## [WHAT TO PRODUCE]
Only the lines from the beginning of the data through the line holding "Женский свитер из" belong in the answer, printed exactly and without pictures.

## [PROVIDED DATA]
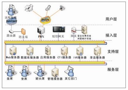 本方案采用多媒體統(tǒng)一服務的呼叫中心中間件,不僅支持傳統(tǒng)的PBX系統(tǒng),而且支持最新的IP PBX融合通信系統(tǒng),使小型呼叫中心也可以享受到以前只有大型呼叫中心才具備的系統(tǒng)功能,滿足企業(yè)對CTI技術日新月異的需求,為企業(yè)提供強大、穩(wěn)定、高性價比的CTI平臺。
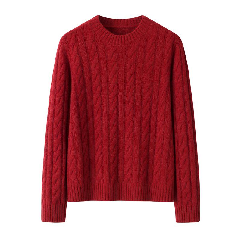 Женский свитер из 100% чистого кашемира с круглым вырезом и кабельным узором — купить товар онлайн с бесплатной доставкой по всему миру!
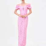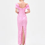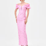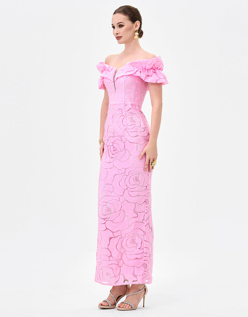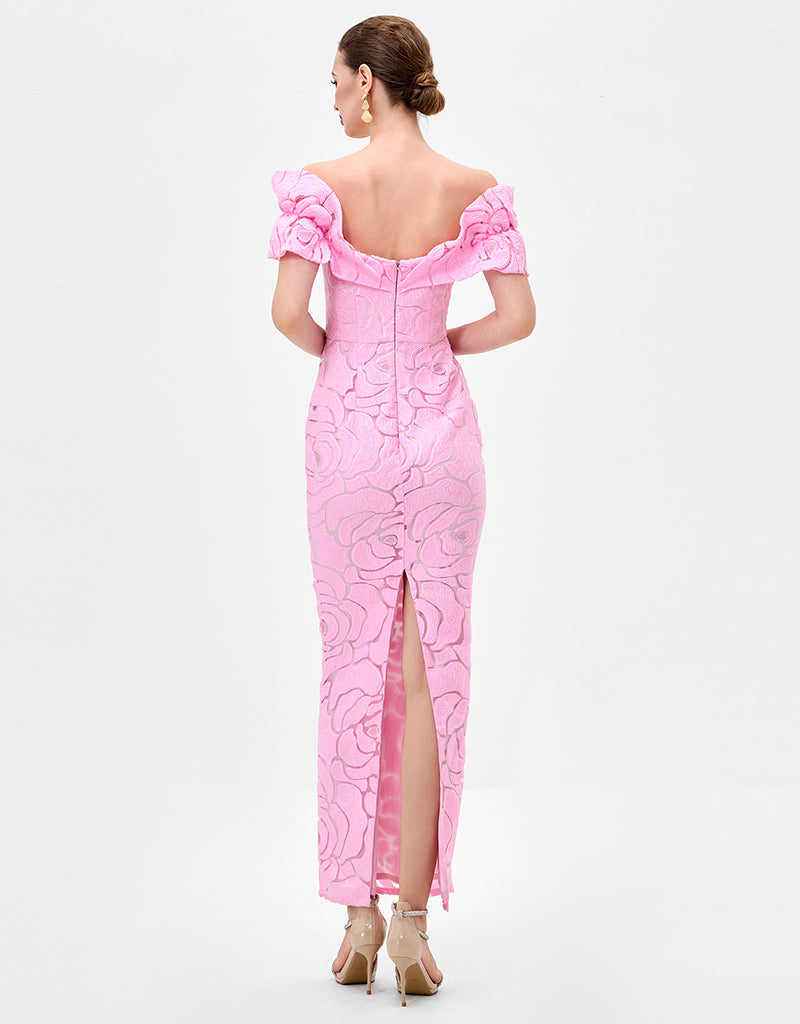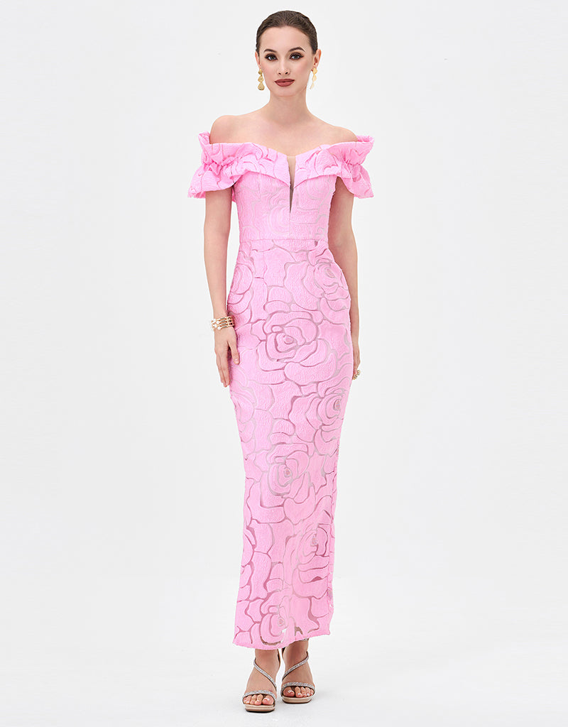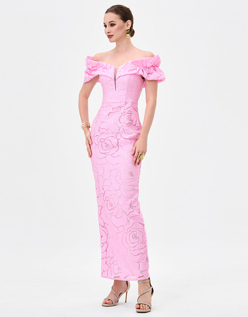This elegant off-shoulder midaxi dress, fabricated from romantic rose burnout jacquard with subtle stretch for a refined yet comfortable fit. Designed with bespoke off shouler sleeves and a sculpted bodice, the silhouette is enhanced by a sheer centre front modesty mesh panel for discreet coverage. The column skirt falls to a flattering midaxi length and features a back split for ease of movement. Fully lined and finished with an invisible zip closure at the back, this style is perfect for weddings, formal events, and evening occasions.
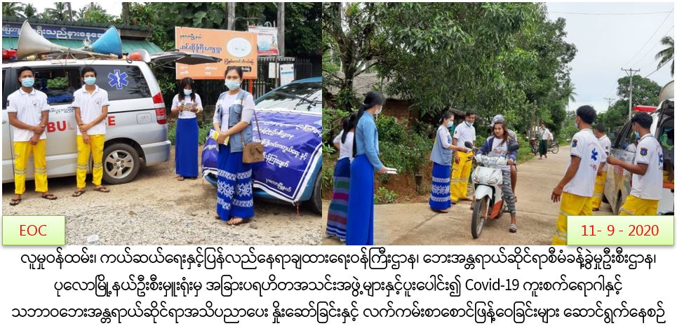 လူမှုဝန်ထမ်း၊ ကယ်ဆယ်ရေးနှင့်ပြန်လည်နေရာချထားရေးဝန်ကြီးဌာန၊ ဘေးအန္တရာယ်ဆိုင်ရာစီမံခန့်ခွဲမှုဦးစီးဌာန၊ ပုလောမြို့နယ်ဦးစီးမှူးရုံးမှ တာဝန်ရှိသူများသည် (၁၁.၉.၂၀၂၀)နေ့ ပုလောမြို့နယ်၊ ဆင်ထိုးကျေးရွာအုပ်စု မှ ရပ်/ကျေးအုပ်ချုပ်ရေးမှူးအဖွဲ့များနှင့် ဟိတကာရီလူမှုကူညီရေး ပရဟိတအသင်းတို့ပူးပေါင်း၍ ဆင်ထိုးကြီး၊ ဆင်ထိုးငယ်၊ ဘုရင့်တောင်၊ အင်းမကျေးရွာတို့တွင် COVID-19 ကူးစက်ရောဂါ( ဒုတိယလှိုင်း) အသက်ရှူလမ်းကြောင်းဆိုင်ရာရောဂါနှင့်ပတ်သက်၍ အများပြည်သူသိရှိလိုက်နာနိုင်ရန် ကျန်းမာရေးနှင့် အားကစားဝန်ကြီးဌာနမှ ထုတ်ပြန်ထားသော အသိပေးကြေငြာချက်များနှင့် မိုးကြိုးဘေး၊ ရေဘေး၊ လေပြင်းဘေး ဆောင်ရန်ရှောင်ရန်များ အသိပညာပေးခြင်းဆော်ဩခြင်း၊ လက်ကမ်းစာစောင်နှင့် ဗီနိုင်းဖြန့်ဝေခြင်းများ ဆောင်ရွက်ခဲ့ကြောင်း သတင်းရရှိပါသည်။
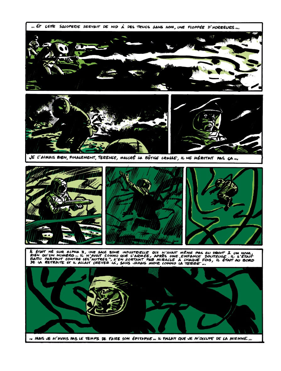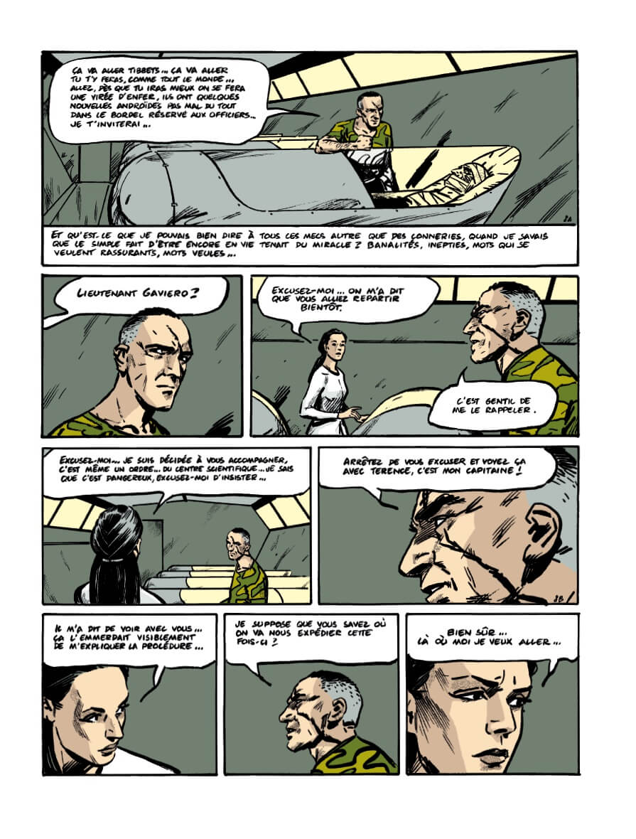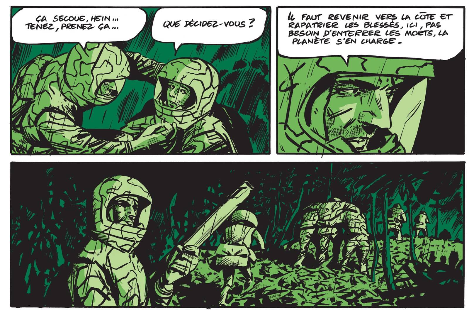 Juan Gaviero, lieutenant, et son unité ont débarqué sur une planète des plus hostiles. En effet, des larves immondes se défendent en traversant les scaphandres et pondent alors à l’intérieur, infligeant de terribles souffrances. Quelques uns en réchappent néanmoins. Les armes des soldats sont quasi inoffensives sur les créatures.
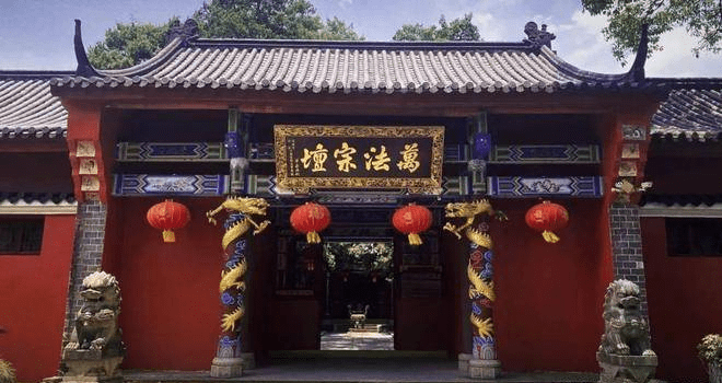 万法宗坛内的这两棵参天大树是罗汉松,树龄近千年,相传为南宋高宗和第三十二代天师张守真所植,一雄一雌。雌树会结果,可以泡水饮食,清神益智。
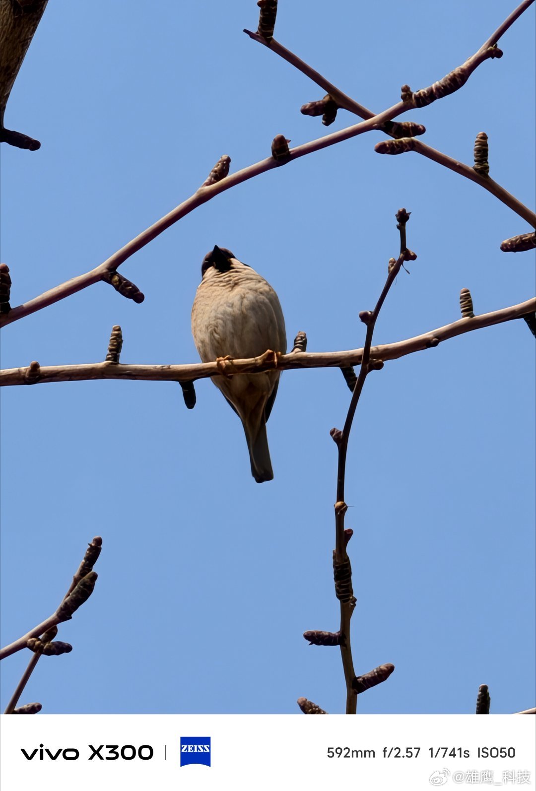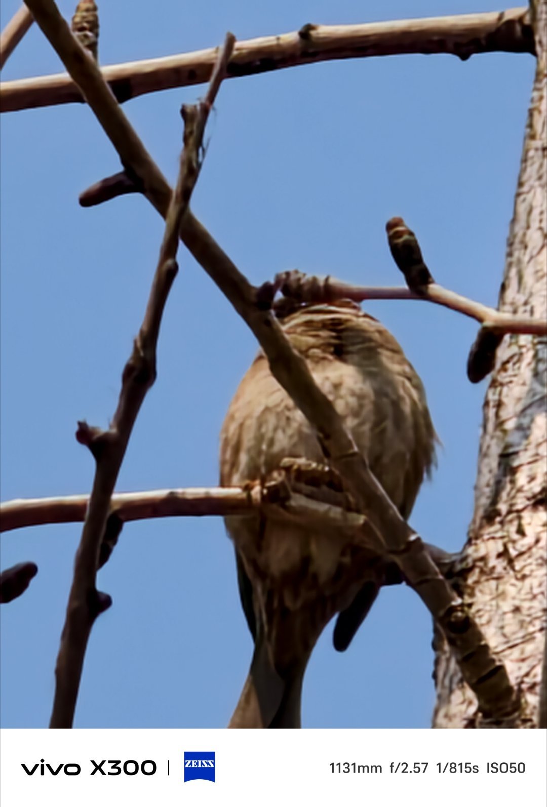 vivo今天去接孩子放学,突然听到鸟叫,抬头一看一家人在树梢晒太阳呢?这是好幸
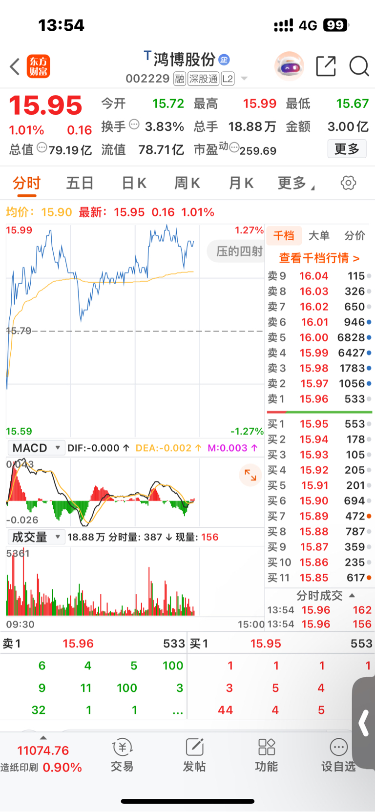 $鸿博股份(SZ002229)$ 真牛啊,2000多万压单压住,不仅压盘还砸盘
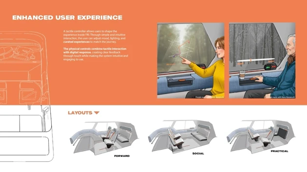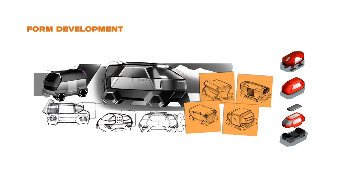 FRI is a compact, fully autonomous, on-demand vehicle designed for short-distance transport of people. It features a flexible interior layout that adapts to a wide range of user needs, while the exterior is shaped to project an approachable yet capable image, helping to build trust in autonomous technology. From everyday travel to spontaneous trips in sparsely populated areas. Built on a robust platform suited for harsh Nordic conditions, the project addresses the lack of accessible transport options in rural regions. These areas are often overlooked in conventional vehicle design. By prioritising sustainability, safety, and user-centered design, FRI aims to give people in rural Norrland the same freedom of movement as those in cities, through an accessible on-demand transport system.
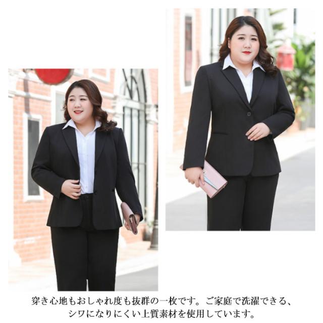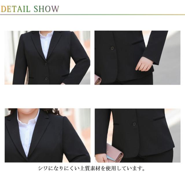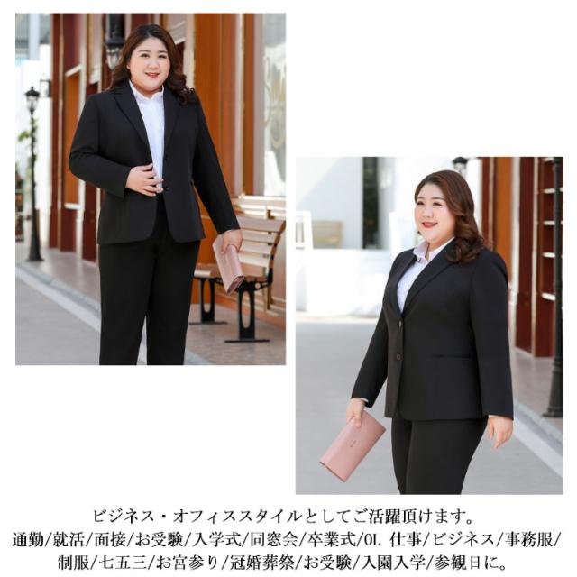 大きいサイズ ビジネススーツ レディース 洗える パンツスーツ ストレッチ セットアップ 通勤 リクルート 就活 OL オフィススーツ 事務服 ビジネス リクルートスーツ ジャケット ズボン 2点 転職 結婚式 面接 卒業式 フォーマル 黒 ママスーツ ブラック 春 夏 秋
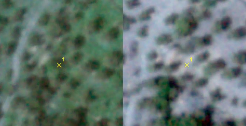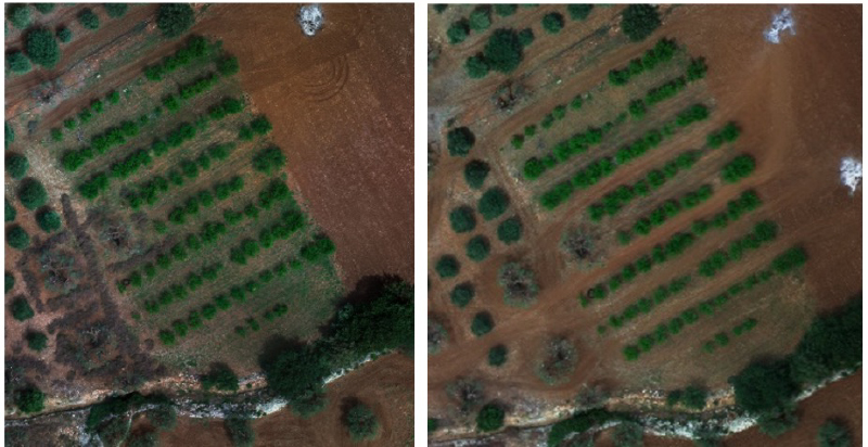 Immagini di appezzamento coltivato ad ulivi pre aratura (immagine a sx) e post aratura (immagine a dx)
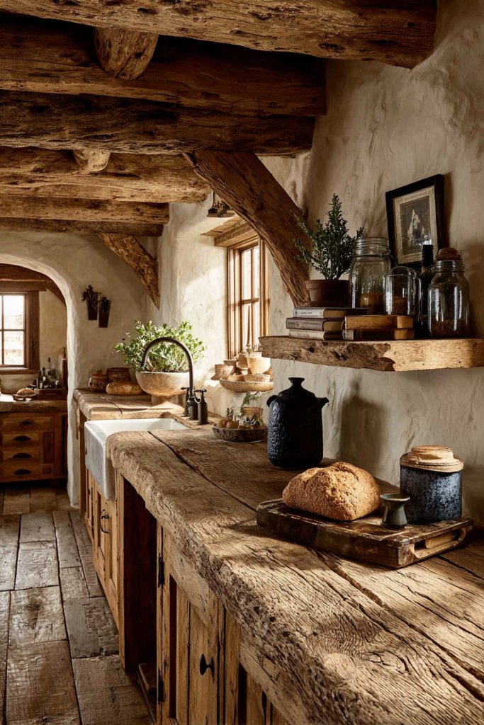Visualize exposed wooden beams overhead, their natural knots and textures adding character against crisp painted walls. Open shelves display charming dishware, vintage jars, and woven baskets, making everything accessible and pretty. The warm tones of aged wood contrast beautifully with sleek countertops, creating a layered, textured look. Soft, ambient lighting highlights the rustic details and adds cozy ambiance.
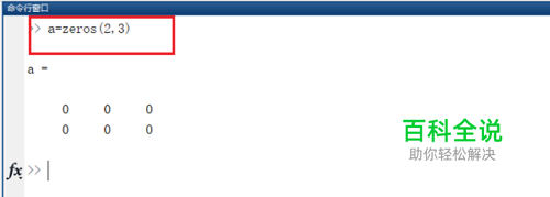 第一步可以通过zeros函数进行赋值,输入a=zeros(2,3),生成了一个全0矩阵,如下图所示:
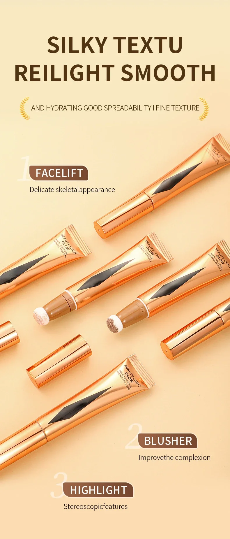 New Cream Bronzer Contour Blusher Beauty Wand Highlighter Blush With Cushion Liquid Face Bronzer Wand Stick Applicator Makeup
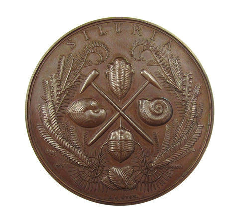 Obverse with bust of Sir Broderick Murchison, reverse with Silurian fossils and two geological hammers in saltire. Edge engraved 'Frank Dixey, 1953. The Geological Society Of London'.

## [EXPECTED ANSWER]
 本方案采用多媒體統(tǒng)一服務的呼叫中心中間件,不僅支持傳統(tǒng)的PBX系統(tǒng),而且支持最新的IP PBX融合通信系統(tǒng),使小型呼叫中心也可以享受到以前只有大型呼叫中心才具備的系統(tǒng)功能,滿足企業(yè)對CTI技術日新月異的需求,為企業(yè)提供強大、穩(wěn)定、高性價比的CTI平臺。
 Женский свитер из 100% чистого кашемира с круглым вырезом и кабельным узором — купить товар онлайн с бесплатной доставкой по всему миру!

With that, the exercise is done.